For typical single-phase full-wave rectification, you'll need four diodes and a capacitor. Three-phase would require an additional two diodes.

The DC voltage output will be roughly the peak of the AC line. You'll need a transformer to step it up or down from your source. Even if you just want to rectify the AC line, a transformer is probably a good idea, just to help limit the available energy on the output side in case something goes wrong. The transformer needs to be spec'd to supply at least as much power as you'll be pulling with your load.

Make sure the diodes can handle all the current you want to pull, and the voltage of the DC bus. You can use individual diodes, or a package containing multiple diodes already arranged as a rectifier.

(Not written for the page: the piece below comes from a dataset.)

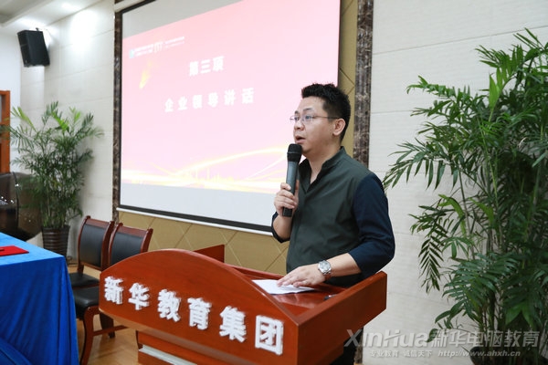 安徽京祺文化傳媒有限公司兼北京亞泰娛樂文化傳媒有限公司董事長趙睿宇發表講話,趙總表示:作為“人才實踐基地及未來發展方向”的企業,通過校企合作,讓校企雙方互相支持、互相滲透、優勢互補、資源共享,培養符合企業需求的復合型人才。

The capacitor should be selected to handle the DC bus voltage. The capacitance and the load current set the ripple voltage. For a 60 Hz line, the cap will be charged once every 8.3 mS. How far the cap drops in between line peaks is determined by the equation. I = C dv/dt, or rearranged, dv = dt I/C. How much ripple is acceptable depends on your application.

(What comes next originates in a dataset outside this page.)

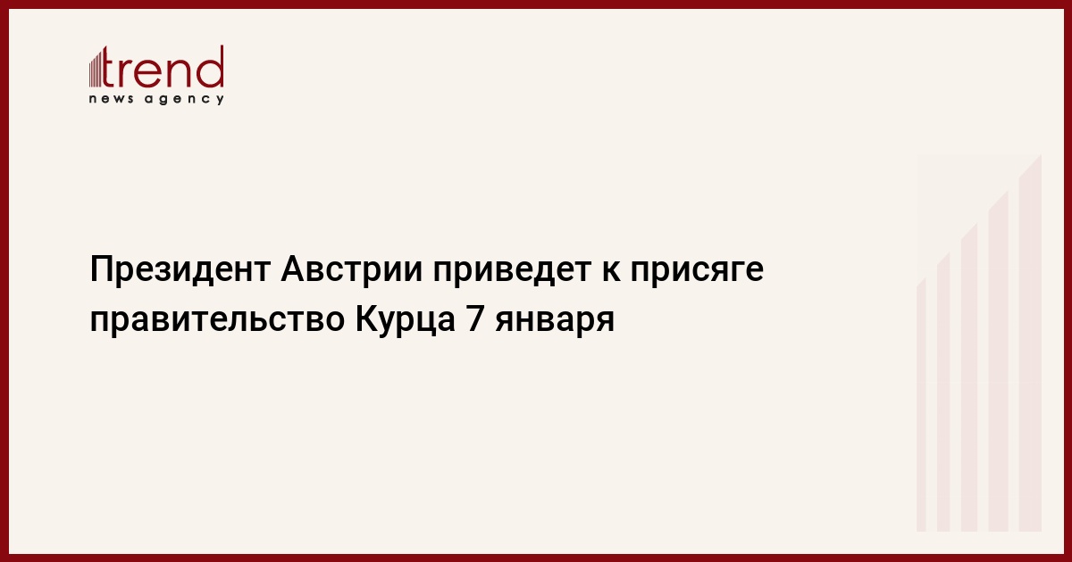 Федеральный президент Александер Ван дер Беллен приведет к присяге новое правительство Австрии 7 января. Об этом сообщила в субботу канцелярия главы государства, передает Trend со ссылкой на ТАСС.

Even with relatively low ripple, you'll need a regulator downstream of the capacitor if you want any sort of precise voltage, as the AC line will fluctuate over time.

Also, appropriate use of fuses is important. Put a fuse with a rating somewhat higher than your expected load current in the DC output link. Having a switch in that link may also be nice, just for ease of use, depending on your application.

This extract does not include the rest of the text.